## Task instructions
Produce a verbatim copy of the data below that contains no pictures.

## Data
= = = =

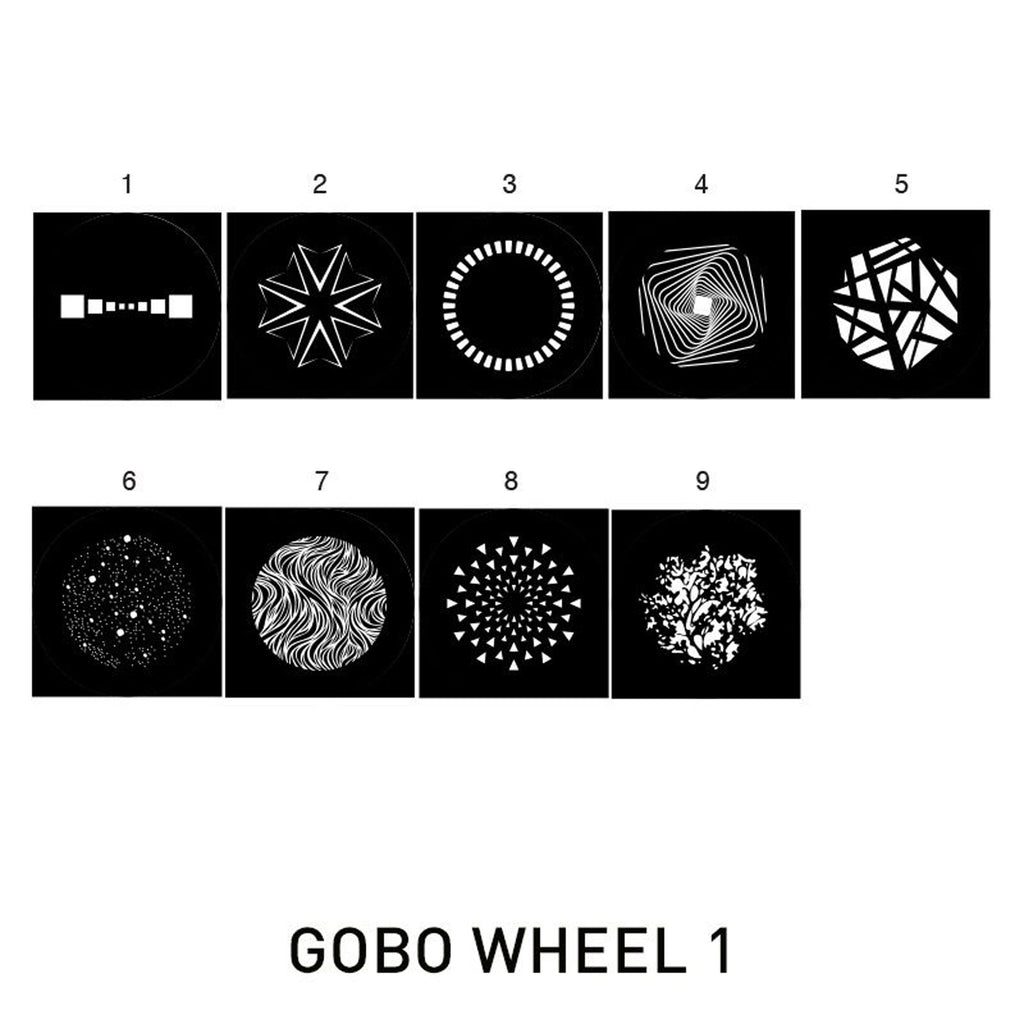 - GOBO Wheel 1: 9 Interchangeable-Rotating / Indexing Glass Black & White Gobos
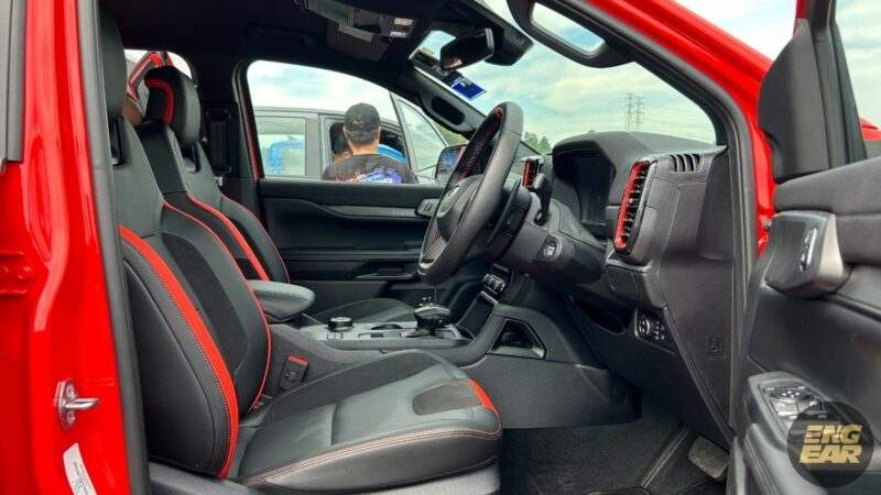 Ciri utama di bahagian dalam termasuklah warna Ebony dengan Code Orange, tempat duduk kulit rekaan jet pejuang, paparan instrumen 12.4-inci, dan sistem infotainmen Ford SYNC 4A dengan sambungan Apple Carplay dan Android Auto.
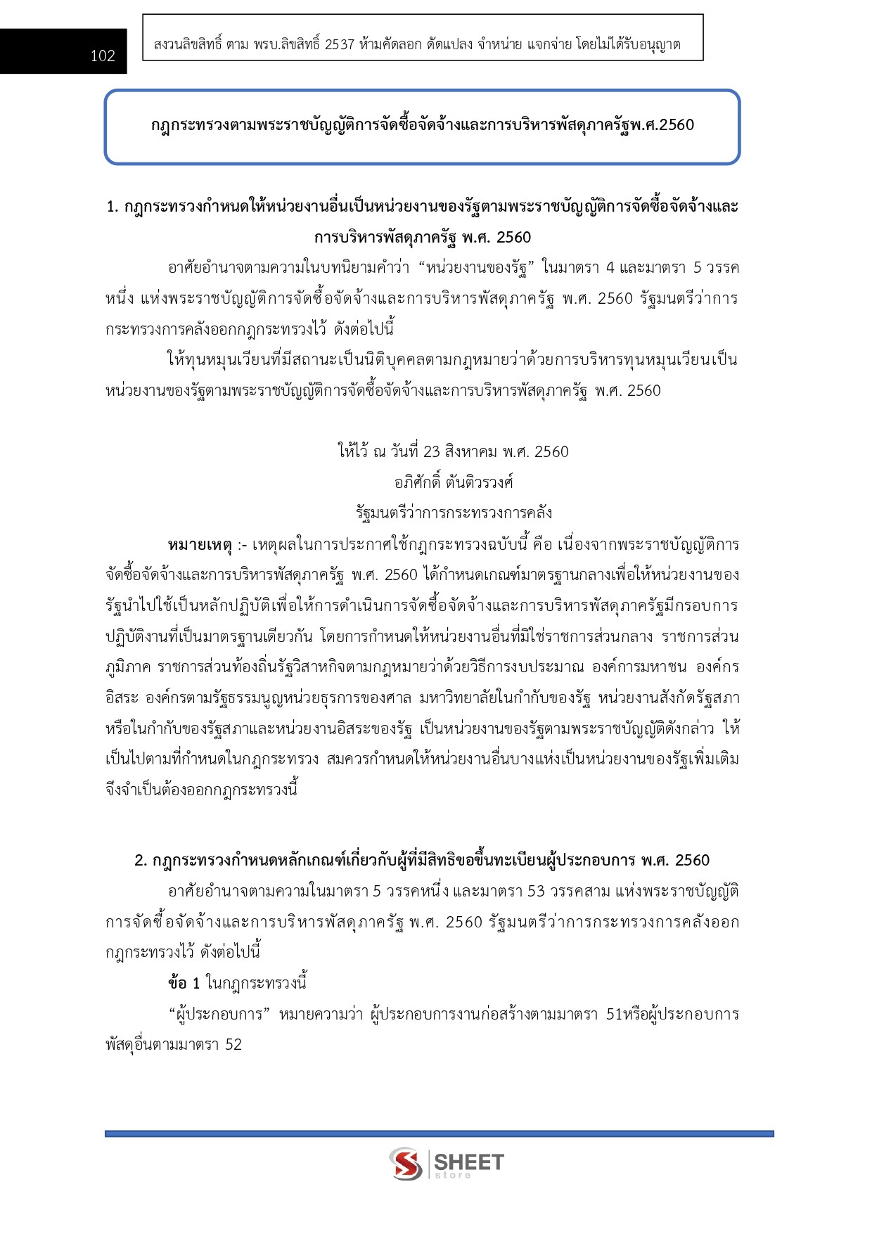 – แนวข้อสอบกฎกระทรวงตามพระราชบัญญัติการจัดซื้อจัดจ้างและการบริหารพัสดุภาครัฐพ.ศ. 2560

= = = =

## Output for this exercise
 - GOBO Wheel 1: 9 Interchangeable-Rotating / Indexing Glass Black & White Gobos
 Ciri utama di bahagian dalam termasuklah warna Ebony dengan Code Orange, tempat duduk kulit rekaan jet pejuang, paparan instrumen 12.4-inci, dan sistem infotainmen Ford SYNC 4A dengan sambungan Apple Carplay dan Android Auto.
 – แนวข้อสอบกฎกระทรวงตามพระราชบัญญัติการจัดซื้อจัดจ้างและการบริหารพัสดุภาครัฐพ.ศ. 2560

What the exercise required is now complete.